Excerpted data
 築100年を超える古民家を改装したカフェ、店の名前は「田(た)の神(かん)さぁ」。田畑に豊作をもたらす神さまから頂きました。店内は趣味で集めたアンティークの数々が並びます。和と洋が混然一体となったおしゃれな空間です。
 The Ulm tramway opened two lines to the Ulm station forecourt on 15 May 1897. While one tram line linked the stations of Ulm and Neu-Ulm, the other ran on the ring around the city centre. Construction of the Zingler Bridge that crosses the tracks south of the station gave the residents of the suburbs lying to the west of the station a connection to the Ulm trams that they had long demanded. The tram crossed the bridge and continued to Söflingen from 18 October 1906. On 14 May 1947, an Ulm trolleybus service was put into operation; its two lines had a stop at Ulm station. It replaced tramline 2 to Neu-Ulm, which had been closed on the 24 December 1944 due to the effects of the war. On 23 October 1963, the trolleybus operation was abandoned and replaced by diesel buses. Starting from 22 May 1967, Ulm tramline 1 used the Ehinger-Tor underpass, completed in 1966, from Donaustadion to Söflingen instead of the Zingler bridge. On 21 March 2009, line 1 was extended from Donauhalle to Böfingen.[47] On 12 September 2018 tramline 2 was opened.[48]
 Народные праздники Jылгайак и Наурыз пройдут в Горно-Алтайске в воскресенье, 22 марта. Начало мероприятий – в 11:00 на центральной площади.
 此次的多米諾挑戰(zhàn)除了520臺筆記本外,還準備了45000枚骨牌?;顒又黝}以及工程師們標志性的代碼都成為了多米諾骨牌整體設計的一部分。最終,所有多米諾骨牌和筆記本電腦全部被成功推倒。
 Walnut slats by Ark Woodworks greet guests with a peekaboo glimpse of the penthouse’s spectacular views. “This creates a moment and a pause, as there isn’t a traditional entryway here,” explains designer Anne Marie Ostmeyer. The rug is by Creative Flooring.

--

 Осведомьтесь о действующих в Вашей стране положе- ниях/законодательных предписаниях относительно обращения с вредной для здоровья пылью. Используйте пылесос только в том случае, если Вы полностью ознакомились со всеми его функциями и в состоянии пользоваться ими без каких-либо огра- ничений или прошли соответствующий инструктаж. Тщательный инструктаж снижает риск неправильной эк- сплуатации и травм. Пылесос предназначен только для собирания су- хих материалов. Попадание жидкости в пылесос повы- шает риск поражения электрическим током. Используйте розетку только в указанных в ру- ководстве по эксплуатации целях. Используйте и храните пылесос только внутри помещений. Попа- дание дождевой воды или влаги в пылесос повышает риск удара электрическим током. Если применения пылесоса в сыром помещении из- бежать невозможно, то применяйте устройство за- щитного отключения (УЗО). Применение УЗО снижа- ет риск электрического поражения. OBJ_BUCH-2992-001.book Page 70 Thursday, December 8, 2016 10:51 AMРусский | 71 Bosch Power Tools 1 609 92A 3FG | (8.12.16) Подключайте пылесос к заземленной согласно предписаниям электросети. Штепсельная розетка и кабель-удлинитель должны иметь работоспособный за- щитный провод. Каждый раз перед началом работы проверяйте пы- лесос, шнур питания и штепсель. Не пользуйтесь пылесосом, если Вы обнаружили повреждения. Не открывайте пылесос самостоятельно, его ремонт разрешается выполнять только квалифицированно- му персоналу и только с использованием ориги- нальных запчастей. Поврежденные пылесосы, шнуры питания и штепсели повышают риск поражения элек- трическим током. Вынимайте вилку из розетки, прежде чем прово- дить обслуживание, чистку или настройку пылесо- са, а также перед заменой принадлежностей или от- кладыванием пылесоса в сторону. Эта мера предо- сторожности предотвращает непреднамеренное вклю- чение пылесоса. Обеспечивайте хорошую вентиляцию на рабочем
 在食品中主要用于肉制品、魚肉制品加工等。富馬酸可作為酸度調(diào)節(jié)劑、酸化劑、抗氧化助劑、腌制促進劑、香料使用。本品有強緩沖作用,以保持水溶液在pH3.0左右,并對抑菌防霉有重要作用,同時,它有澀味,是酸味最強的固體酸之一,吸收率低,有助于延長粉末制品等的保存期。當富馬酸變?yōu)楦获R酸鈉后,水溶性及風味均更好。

Work required
Above are records; repeat only the lines starting at the line with "Народные праздники Jылгайак" and ending at the line with "Walnut slats by", exactly as they appear, both included.

Answer
 Народные праздники Jылгайак и Наурыз пройдут в Горно-Алтайске в воскресенье, 22 марта. Начало мероприятий – в 11:00 на центральной площади.
 此次的多米諾挑戰(zhàn)除了520臺筆記本外,還準備了45000枚骨牌?;顒又黝}以及工程師們標志性的代碼都成為了多米諾骨牌整體設計的一部分。最終,所有多米諾骨牌和筆記本電腦全部被成功推倒。
 Walnut slats by Ark Woodworks greet guests with a peekaboo glimpse of the penthouse’s spectacular views. “This creates a moment and a pause, as there isn’t a traditional entryway here,” explains designer Anne Marie Ostmeyer. The rug is by Creative Flooring.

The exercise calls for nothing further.